On those grounds, the Court (Grand Chamber) hereby rules:
1.Article 4(2) of Directive 2009/24/EC of the European Parliament and of the Council of 23 April 2009 on the legal protection of computer programs must be interpreted as meaning that the right of distribution of a copy of a computer program is exhausted if the copyright holder who has authorised, even free of charge, the downloading of that copy from the internet onto a data carrier has also conferred, in return for payment of a fee intended to enable him to obtain a remuneration corresponding to the economic value of the copy of the work of which he is the proprietor, a right to use that copy for an unlimited period.

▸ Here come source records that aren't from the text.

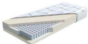
MA 350 / MS 358
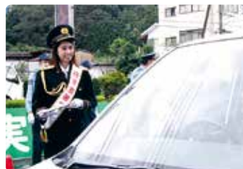
交通安全啓発活動 (美咲)
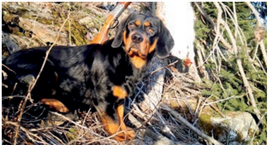
Dachsbracken sind niederläufige, kräftige Jagdhunde mit robustem, starkknochigem Körperbau, dichtem Haarkleid und fester Muskulatur.

Unser Bestreben geht dahin, den Stellenwert der Dachsbracke als Schweißhund weiter zu erhöhen. Da ein guter Spurlaut bei der Dachsbracke unverzichtbar ist, ist es ebenso unser Wunsch, dass die äußerst reizvolle laute Jagd auf Hase und Fuchs wieder mehr ausgeübt werde.
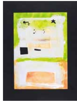
小野寺 蒼 «ロウ画「星と人」»
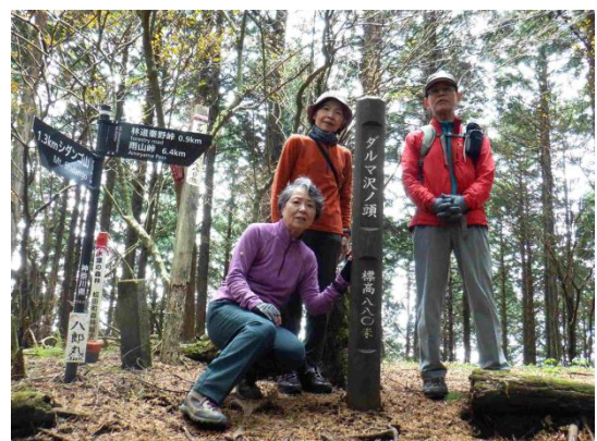
展望のないダルマ沢ノ頭
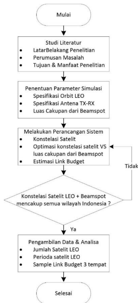
Gambar 1 Alur Penelitian

Alur penelitian terlihat pada gambar 1 dimana proses perancangan konstelasi satelit LEO dibuat.
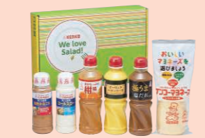
▲当社製品2,500円相当(製品例)
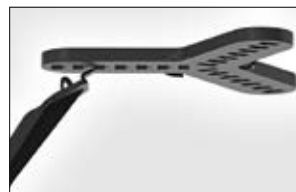
Der benötigte Einbaudurchmesser kann durch die variablen Steckplätze leicht angepasst werden.
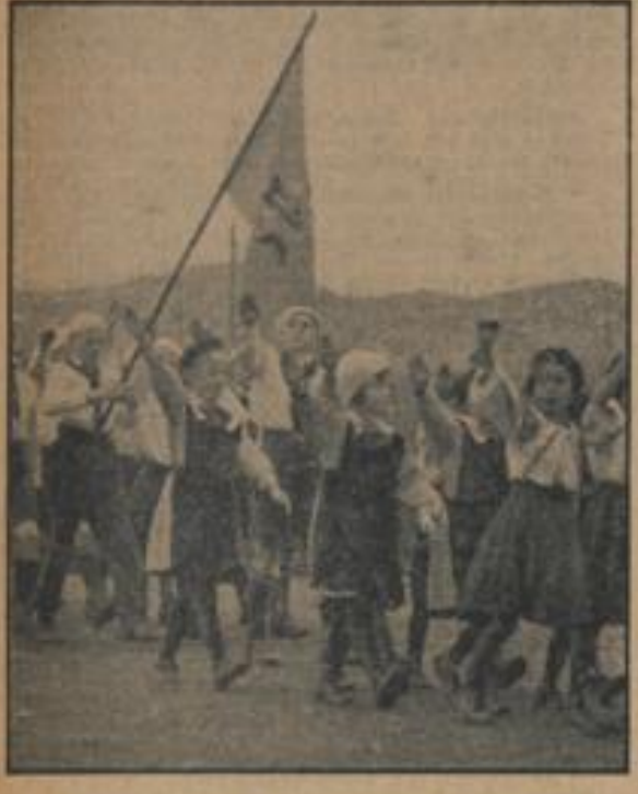
Dienstpflicht für die rumänische Jugend
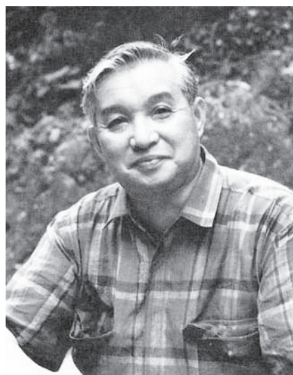
Fig. 11 石田陽一 (1925~1991) 日本の神経病理学者. 脳腫瘍 WHO 分類第 1 版編纂の日本代表委員. 第 2 版の改訂にも参加した.
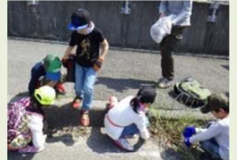
地域一体の取組みへの サポート

2.Articles 4(2) and 5(1) of Directive 2009/24 must be interpreted as meaning that, in the event of the resale of a user licence entailing the resale of a copy of a computer program downloaded from the copyright holder’s website, that licence having originally been granted by that rightholder to the first acquirer for an unlimited period in return for payment of a fee intended to enable the rightholder to obtain a remuneration corresponding to the economic value of that copy of his work, the second acquirer of the licence, as well as any subsequent acquirer of it, will be able to rely on the exhaustion of the distribution right under Article 4(2) of that directive, and hence be regarded as lawful acquirers of a copy of a computer program within the meaning of Article 5(1) of that directive and benefit from the right of reproduction provided for in that provision.